▶ [SUPPLIED INFORMATION]:
════════

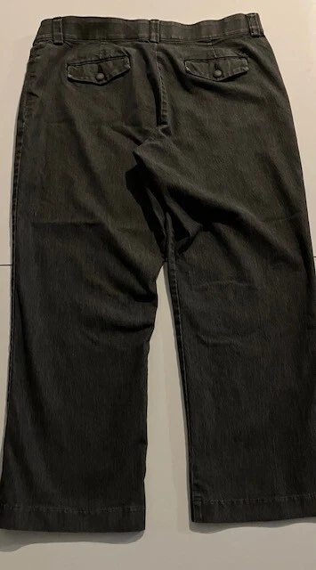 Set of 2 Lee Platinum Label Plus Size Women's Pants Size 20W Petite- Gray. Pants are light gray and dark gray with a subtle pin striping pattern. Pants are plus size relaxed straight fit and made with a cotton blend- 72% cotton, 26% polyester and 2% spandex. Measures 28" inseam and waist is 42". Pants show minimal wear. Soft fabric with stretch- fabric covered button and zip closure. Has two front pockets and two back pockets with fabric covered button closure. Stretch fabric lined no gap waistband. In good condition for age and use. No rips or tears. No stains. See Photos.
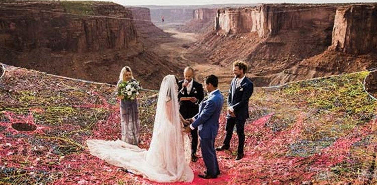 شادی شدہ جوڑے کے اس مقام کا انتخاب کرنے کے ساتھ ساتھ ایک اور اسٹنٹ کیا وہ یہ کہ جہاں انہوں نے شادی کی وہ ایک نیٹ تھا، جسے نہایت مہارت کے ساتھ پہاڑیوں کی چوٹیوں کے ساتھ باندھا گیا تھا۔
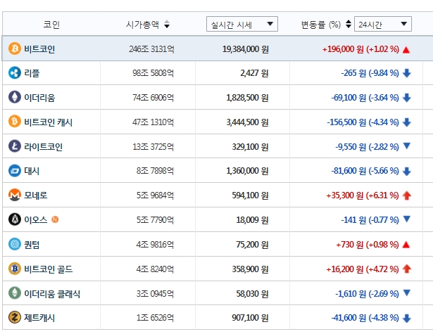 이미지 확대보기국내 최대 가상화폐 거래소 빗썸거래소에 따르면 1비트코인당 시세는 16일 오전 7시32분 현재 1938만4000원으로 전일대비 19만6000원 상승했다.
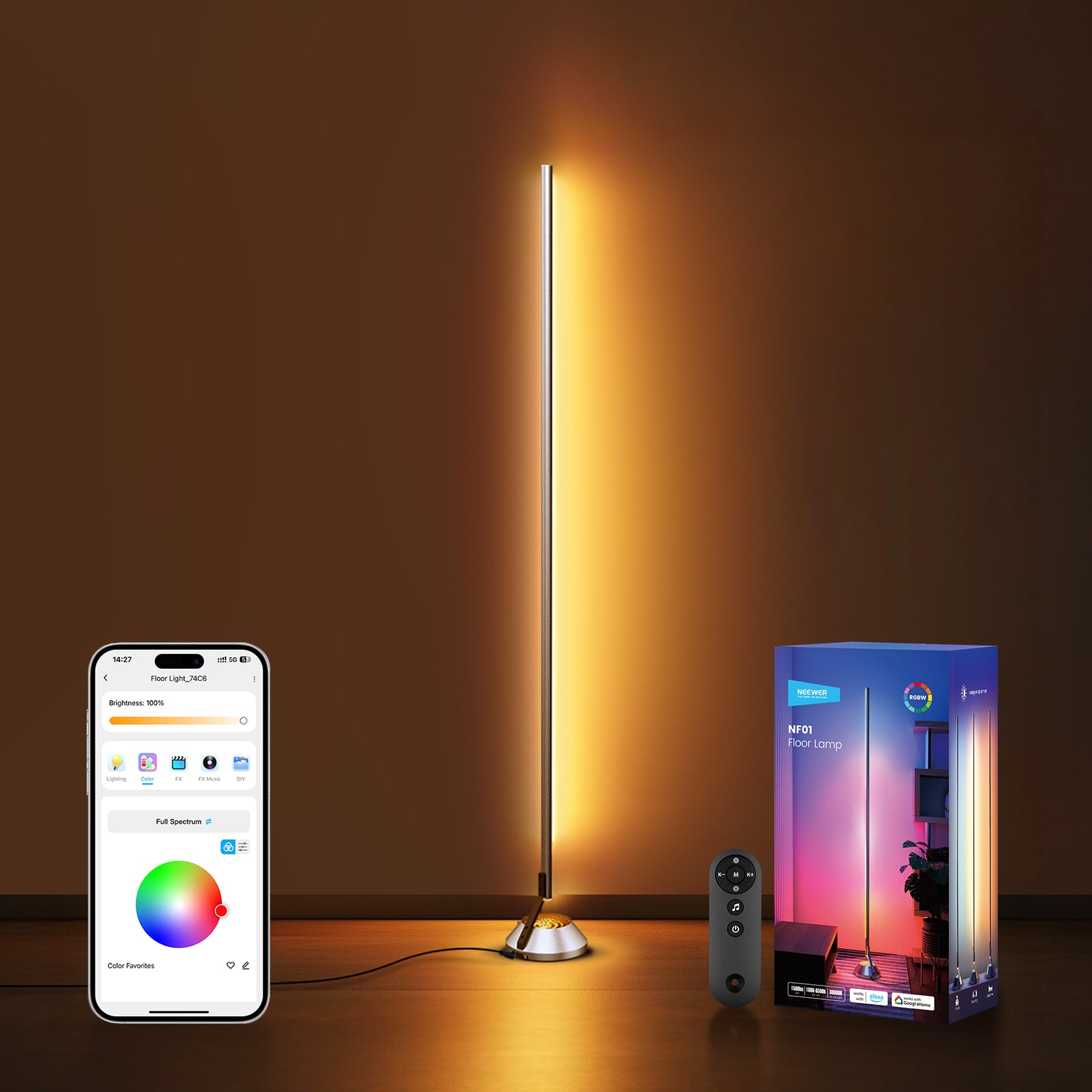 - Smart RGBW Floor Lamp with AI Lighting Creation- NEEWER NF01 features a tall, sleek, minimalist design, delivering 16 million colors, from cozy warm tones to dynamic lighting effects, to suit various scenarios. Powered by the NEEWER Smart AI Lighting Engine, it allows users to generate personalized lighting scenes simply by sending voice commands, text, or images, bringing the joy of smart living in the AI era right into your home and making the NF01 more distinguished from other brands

════════

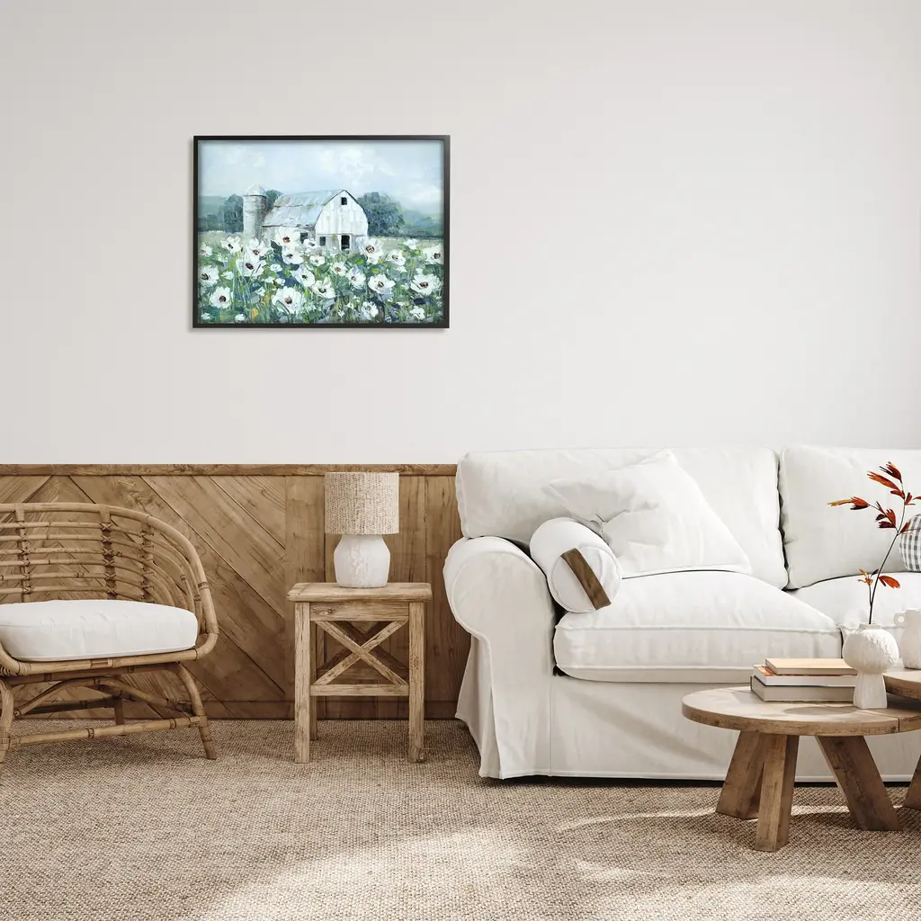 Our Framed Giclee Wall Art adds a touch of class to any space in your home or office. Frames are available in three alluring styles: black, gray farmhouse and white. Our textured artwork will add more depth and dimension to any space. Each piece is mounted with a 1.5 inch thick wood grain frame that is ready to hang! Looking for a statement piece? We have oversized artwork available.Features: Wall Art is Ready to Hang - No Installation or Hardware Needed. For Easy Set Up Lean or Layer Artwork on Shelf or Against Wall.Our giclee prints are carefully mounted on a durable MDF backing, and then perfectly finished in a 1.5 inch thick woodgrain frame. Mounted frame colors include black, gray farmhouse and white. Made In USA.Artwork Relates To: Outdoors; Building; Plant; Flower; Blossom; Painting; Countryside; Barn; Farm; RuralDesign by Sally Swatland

════════

▶ [EXERCISE AIM]: In the data above, find the line containing "Set of 2 Lee" and the line containing "이미지 확대보기국내 최대". Repeat those two lines and everything between them exactly, minus the pictures.

▶ [EXERCISE OUTPUT]:
 Set of 2 Lee Platinum Label Plus Size Women's Pants Size 20W Petite- Gray. Pants are light gray and dark gray with a subtle pin striping pattern. Pants are plus size relaxed straight fit and made with a cotton blend- 72% cotton, 26% polyester and 2% spandex. Measures 28" inseam and waist is 42". Pants show minimal wear. Soft fabric with stretch- fabric covered button and zip closure. Has two front pockets and two back pockets with fabric covered button closure. Stretch fabric lined no gap waistband. In good condition for age and use. No rips or tears. No stains. See Photos.
 شادی شدہ جوڑے کے اس مقام کا انتخاب کرنے کے ساتھ ساتھ ایک اور اسٹنٹ کیا وہ یہ کہ جہاں انہوں نے شادی کی وہ ایک نیٹ تھا، جسے نہایت مہارت کے ساتھ پہاڑیوں کی چوٹیوں کے ساتھ باندھا گیا تھا۔
 이미지 확대보기국내 최대 가상화폐 거래소 빗썸거래소에 따르면 1비트코인당 시세는 16일 오전 7시32분 현재 1938만4000원으로 전일대비 19만6000원 상승했다.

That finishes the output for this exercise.